Begeisterungsstürme im Grünen Saal

 
Solche Begeisterungsstürme hat der altehrwürdige Grüne Saal im Amorbach wohl selten erlebt: Mit stehenden Ovationen würdigten die über 100 Gäste am Sonntagabend die beeindruckenden Leistungen des Pianisten Kotaro Fukuma und des Thomas-Mann-Experten und Musikphilosophen Michael Fürtjes bei der Konzertlesung „Adorno – Beethoven – Thomas Mann“.

Die Veranstaltung, organisiert von unserem Kulturreferat des Landkreises Miltenberg in Zusammenarbeit mit dem Fürstenhaus zu Leiningen, bildete einen Höhepunkt am Ende des Kulturjahres zu Ehren des Philosophen und Soziologen Theodor W. Adorno, dessen Todestag sich am 6. August 2019 zum 50. Mal jährte.
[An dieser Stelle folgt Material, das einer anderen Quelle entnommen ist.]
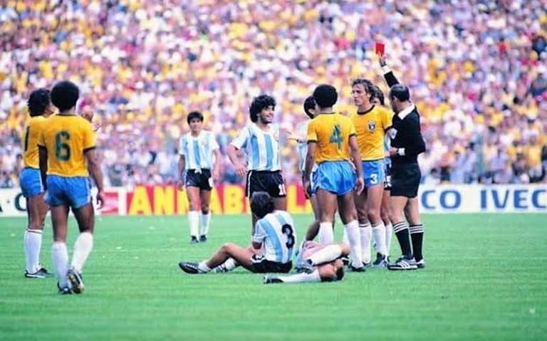 La roja la mostró al “Pelusa” tras cometer una falta sobre el brasileño Joao Batista en el Estadio Sarrià de Barcelona en partido de la segunda ronda.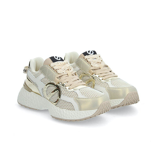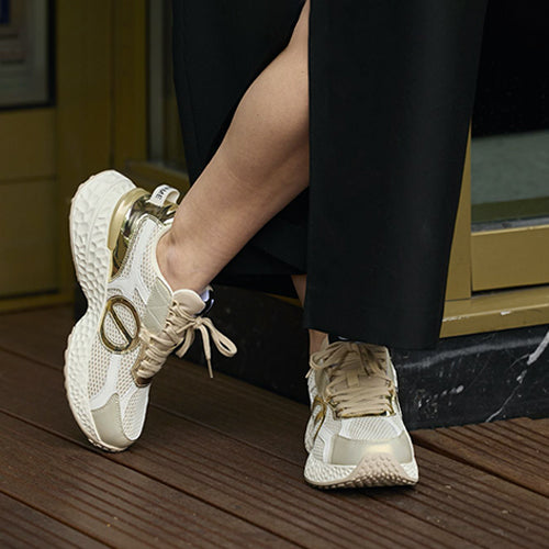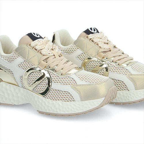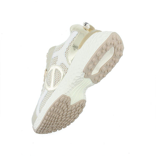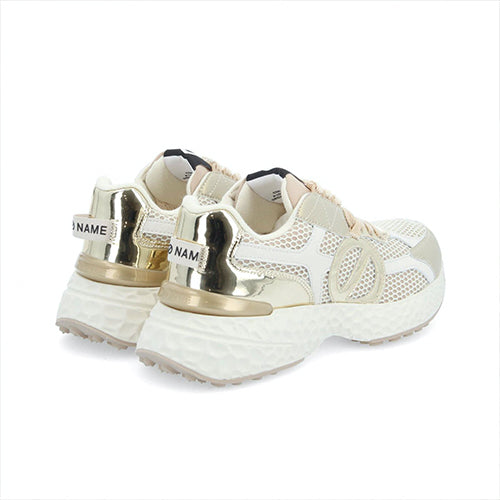 Deportiva de cordones de la marca NO NAME. Fabricada en textil con un 60% poliéster reciclado certificado GRS, combina piezas de corte en piel color blanco. Detalle de anagrama en los laterales en color platino metalizado. Suela volumen EVA en color blanco con tacos, extremadamente cómoda. Plantilla y suela recicladas para una zapatilla con un impacto ambiental limitado. Forro de algodón y poliéster orgánico con certificación GOTS. Plantilla extraíble de algodón orgánico con certificación GOTS. Lengüeta en el talón con logotipo.
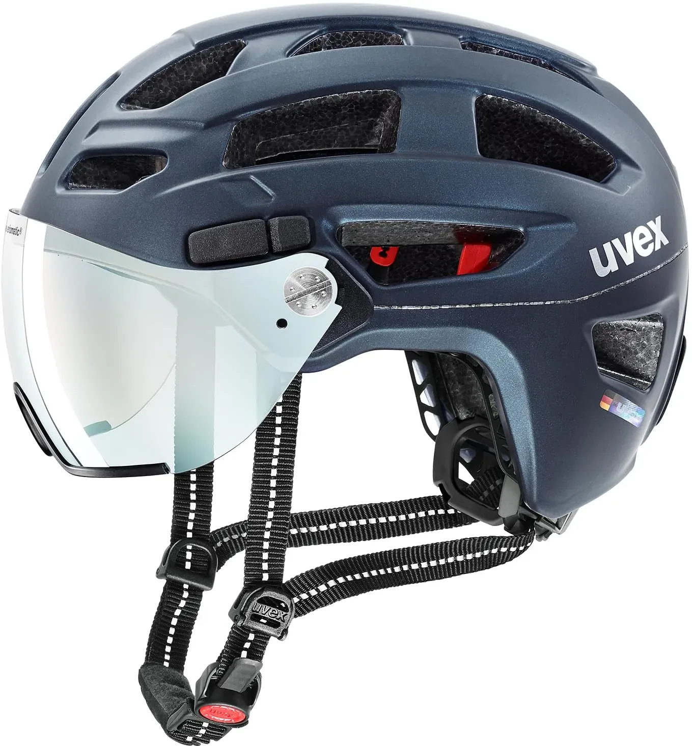 Skifahren & Snowboarden Ski- und Snowboardhelme Gesamtsortiment Sport Wintersport Schutzausrüstung Skihelm - EAN:4043197290232 - Der Uvex hlmt 400 Visor ist ein echtes Multitalent. Er bietet als Visierhelm nicht nur überragenden Schutz und sitzt äusserst bequem, durch eine spezielle Otg Konstruktion können Fehlsichtige ausserdem jede Art von Brille unter dem Visier tragen. Ohne dass etwas drückt oder kneift. Als Uvex hlmt 400 Visor Style wird er nebenbei zum echten Fashion Highlight. Mit einem kuscheligen Innenfutter, modischen Ohrpads und einem matten Finish ist er der Hingucker auf der Piste. Das Visier liegt dabei mit seiner speziell konstruierten Gesichtsauflage angenehm nah am Gesicht. Ein aktives Belüftungssystem sorgt beim Uvex hlmt 400 Visor Style an warmen Tagen für einen kühlen Kopf. Die Belüftungsöffnungen liefern die nötige Frischluft, können aber ganz einfach wieder geschlossen werden, wenn es kälter wird. - gefunden von Kelkoo Dieser Uvex Finale Visor V ist ein hochwertiger City-Helm mit selbsttönendem Visier und integriertem LED-Licht für maximale Sichtbarkeit und Komfort. ![]() ![]() Uvex Finale Visor V - sicherer City-Helm für Damen und Herren - mit selbsttönendem Visier - inkl. LED-Licht - deep Space matt - 52-57 cm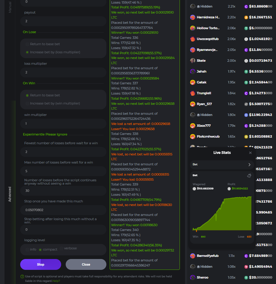 @Skele - hope that you are still  around.  This is an old thread.  I have a question please.  I have been using your script since I found it some days ago very successfully.  My question is : Are you able to add another criteria box where you can add a number of consecutive games to play if you successfully reach your set payout each time.  So you reach your payout and then the game start again.  So example I want to play 10 games and each time I reach my payout, it continues playing until 10 games are played or until all fund are lost if no stop loss is set.  Hope to hear back from you.  It's an amazing script!!!

Dabei schafften es die beiden Protagonisten auf der Bühne, die Zusammenhänge zwischen Adorno, Mann, Ludwig van Beethoven und Alban Berg herzustellen. Dass diese auch für diejenigen Zuhörer*innen klar wurde, die nicht auf allen kulturellen Ebenen Experten sind, war Michael Fürtjes zu verdanken, der zu Beginn eine kurze Einführung in die Materie gab. Aber auch Pianist Kotaro Fukuma erklärte Besonderheiten der Klavierwerke.

Dass der Philosoph, Soziologe und Musikphilosoph Adorno auch Komponist war und bei Alban Berg das Komponieren studiert habe, sei Fürtjes zufolge nur wenigen Musikexperten bekannt. Damit, ergänzte Kotaro Fukuma, sei auch klar, warum manche Tonfolgen von Adornos Kompositionen denen von Alban Berg verblüffend ähneln. Doch was hat Adorno mit Beethoven und Mann zu tun? Fürtjes konnte auch diese Frage auflösen, denn Beethovens Musik spielte für Adorno zeitlebens eine große Rolle.


Aus der Bekanntschaft Adornos und Manns und einem Artikel Adornos „Über den Spätstil Beethovens“ resultierte die Zusammenarbeit der beiden. Adorno sei der richtige, um ihm bei den musikwissenschaftlichen Passagen im achten Kapitel seines Romans „Doktor Faustus“ zu helfen, habe Thomas Mann geglaubt. Er habe Adorno eingeladen und ihm das Kapitel vorgelesen, wusste Fürtjes, im Gegenzug habe Adorno diverse Anmerkungen zu Beethovens Klaviersonate op. 111 beigesteuert. Adornos Deutung dieser Sonate sei zum Teil wörtlich in den ersten Teil des achten Kapitels von Manns Buch eingeflossen, erklärte der Thomas-Mann-Experte.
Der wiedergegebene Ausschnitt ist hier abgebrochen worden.